** Opening Information supplied block **

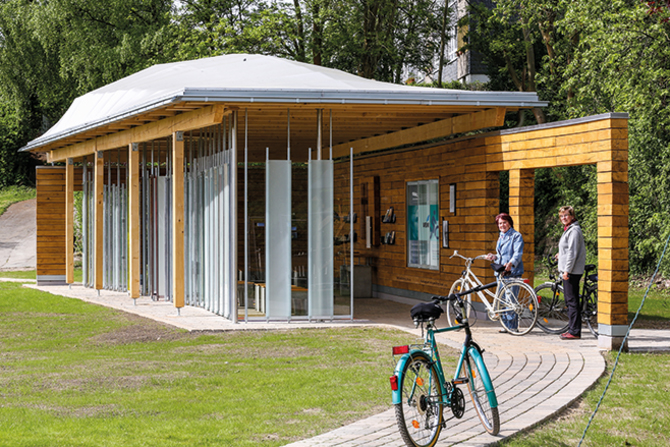 Unter fachmännischer Betreuung haben langzeitarbeitslose Menschen in Arbeitsgelegenheiten etwa 80 Prozent der Bauarbeiten innerhalb nur eines halben Jahres durchgeführt. Eine Leistung, auf die alle stolz sein können - vor allem, weil aus einfachen Materialien ein ästhetisches Gebäude entstanden ist.
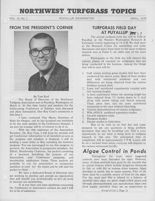 Northwest turfgrass topics. Vol. 12 no. 1 (1970 April)
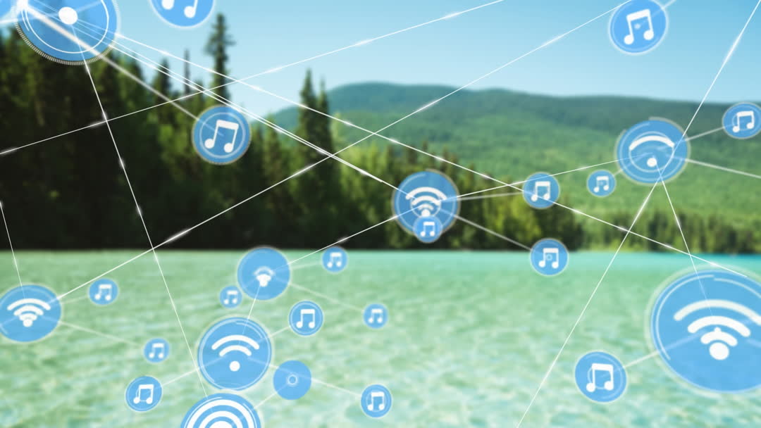 Music icons connected by digital network overlay scenic view of a pristine lake with a forested background. Perfect visualization of the blend of technology with nature. Ideal for use in presentations regarding network communication, wireless innovation, or technological advancements linked with nature themes.
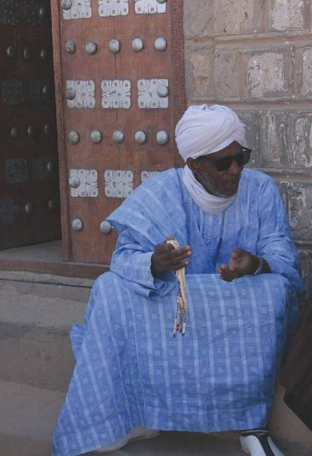 Имам проводит время в философской беседе у входа в свою мечеть в Тимбукту, Мали
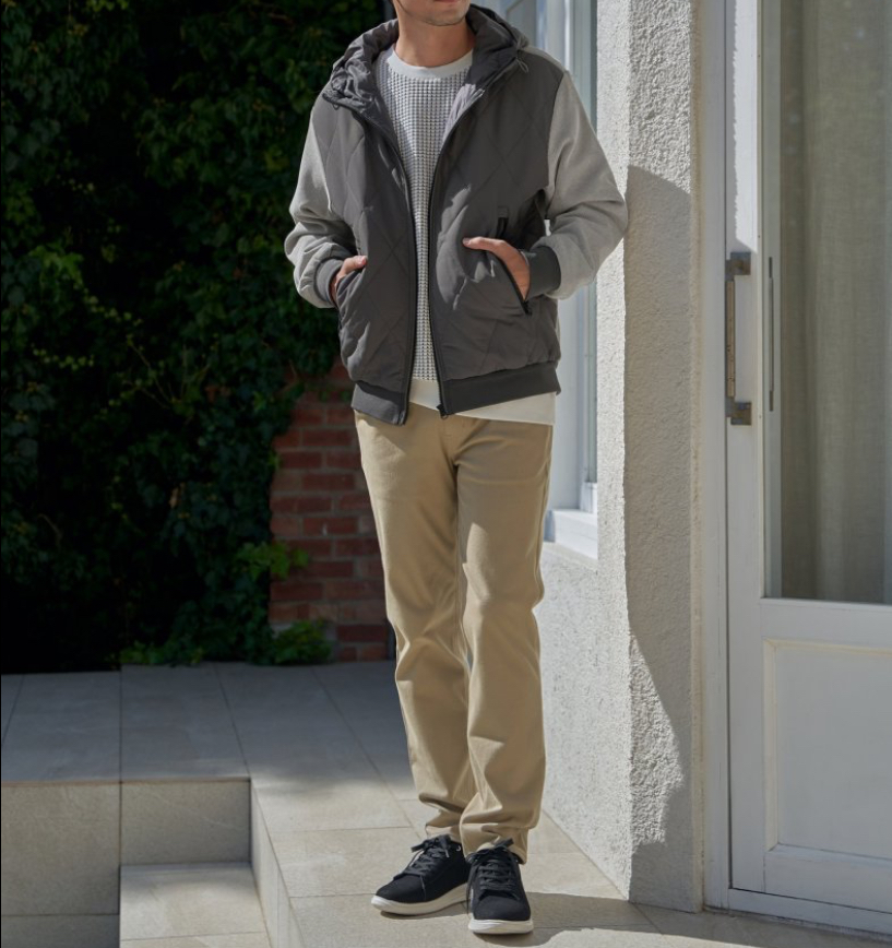 袖と裾にリブを配し、よりアウターライクに着用可能。
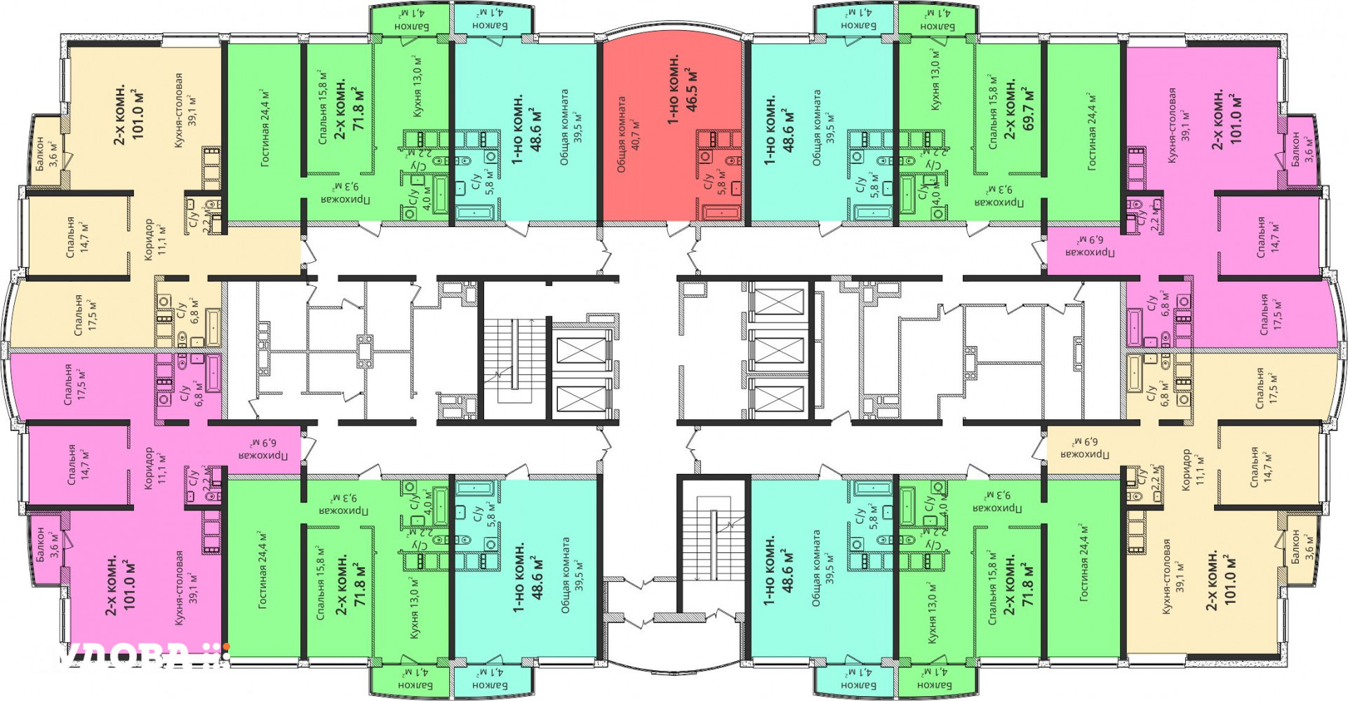24 этажа + технический этаж.
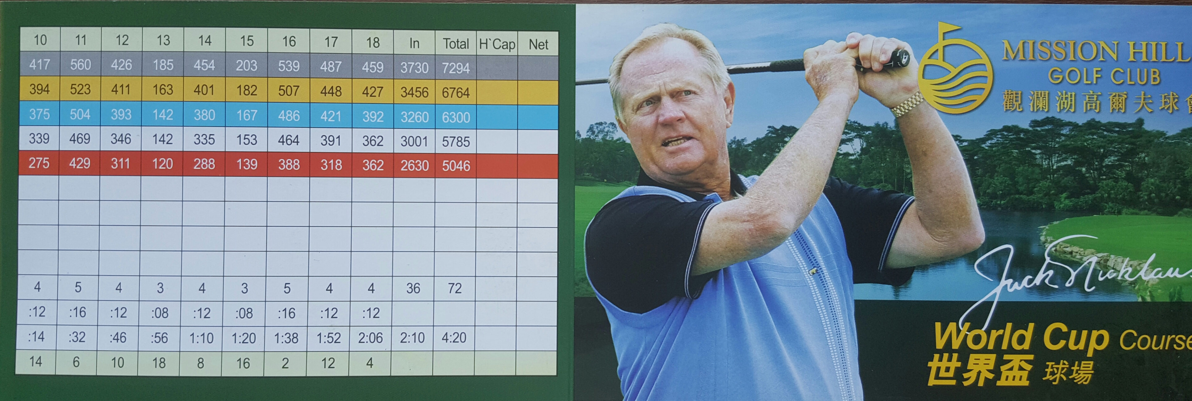 심천 미션힐스 코스중 가장 인기가 높은 코스입니다 . 잭 니클라우스가 설계한 곳으로 1992년 개장했습니다. 몇년후 골프월드컵 대회를 이곳에서 치른 후 코스 이름을 월드컵 코스로 바꾸었습니다 . 12개 코스중 유일하게 디자이너의 이름으로 불리우지 않는 코스입니다 .
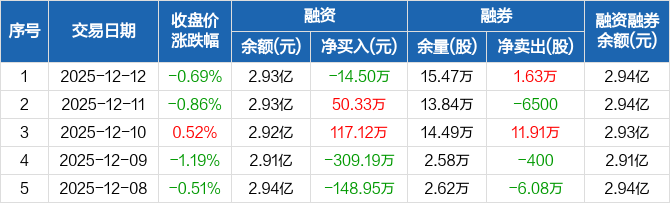 中粮科技:融资净偿还14.5万元,融资余额2.93亿元(12-12)
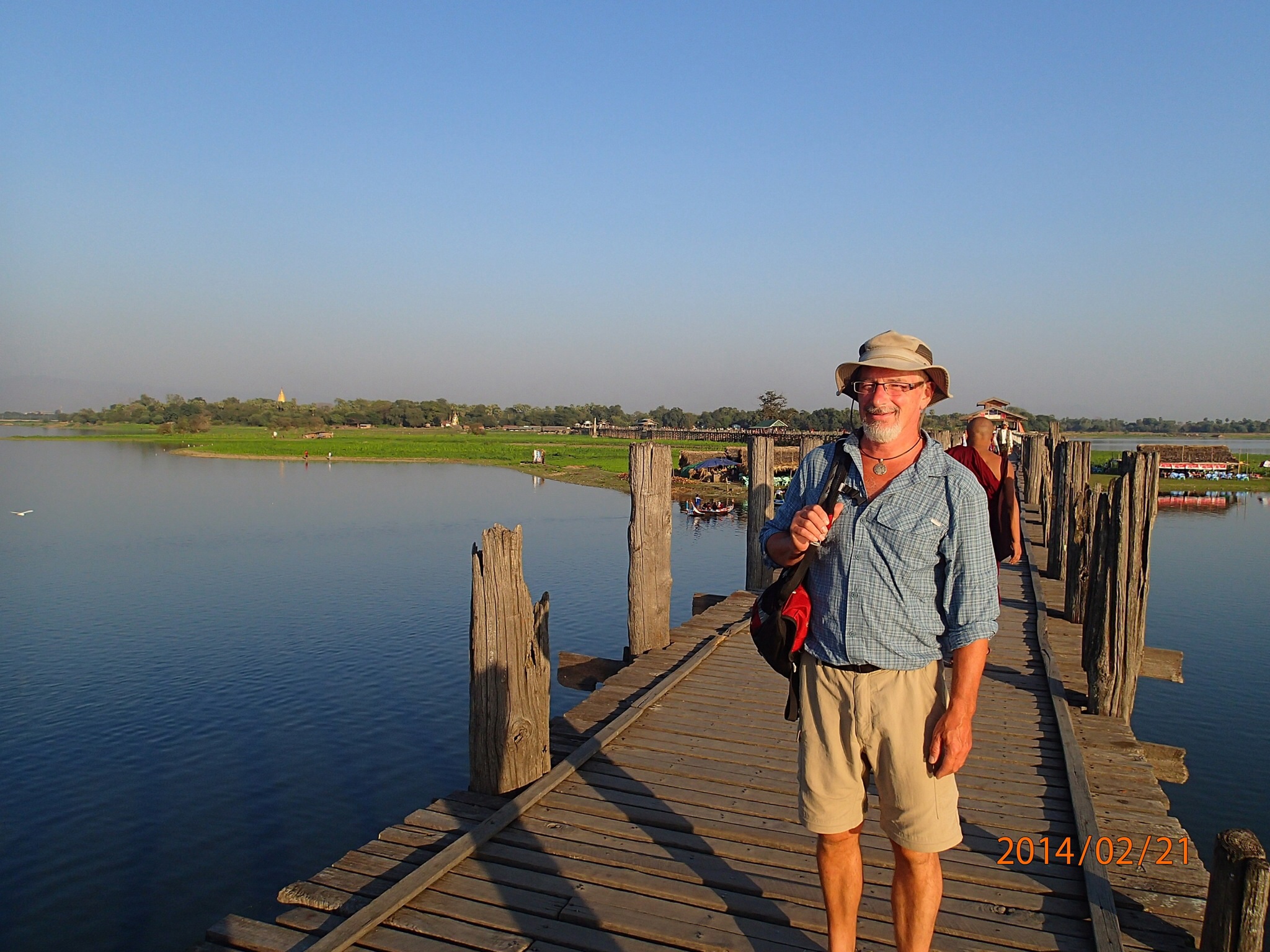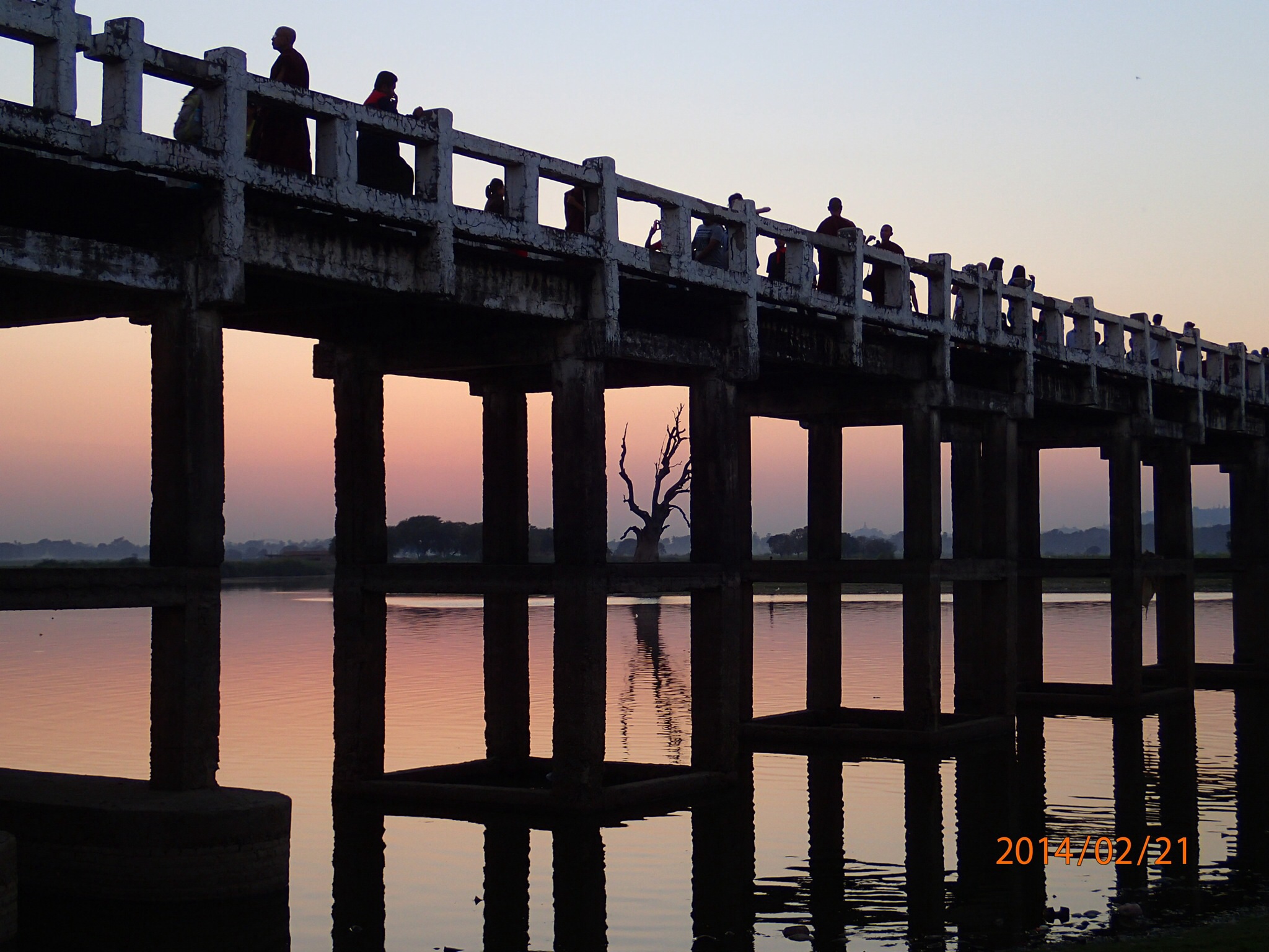 1849 où presque tout (presque car certaines portions sont en béton et on suppose que c’est dû au courant lors de la période des moussons) en Tek. Le pont décrit une demie lune et se termine sur l’autre rive du lac Taungthaman pour accéder à la pagode de Kyauktawgy, après une courte marche dans le village qui nous transporte vraiment hors du temps! Puis retour en observant le coucher de soleil lors de notre traversé de ce fabuleux pont!!! (…Notre coup de coeur)Retour au bercail

** Closing Information supplied block **

** Work to be completed **
Print the material above word for word, first line through the line with "袖と裾にリブを配し、よりアウターライクに着用可能。", and leave every picture out.

** Your solution **
 Unter fachmännischer Betreuung haben langzeitarbeitslose Menschen in Arbeitsgelegenheiten etwa 80 Prozent der Bauarbeiten innerhalb nur eines halben Jahres durchgeführt. Eine Leistung, auf die alle stolz sein können - vor allem, weil aus einfachen Materialien ein ästhetisches Gebäude entstanden ist.
 Northwest turfgrass topics. Vol. 12 no. 1 (1970 April)
 Music icons connected by digital network overlay scenic view of a pristine lake with a forested background. Perfect visualization of the blend of technology with nature. Ideal for use in presentations regarding network communication, wireless innovation, or technological advancements linked with nature themes.
 Имам проводит время в философской беседе у входа в свою мечеть в Тимбукту, Мали
 袖と裾にリブを配し、よりアウターライクに着用可能。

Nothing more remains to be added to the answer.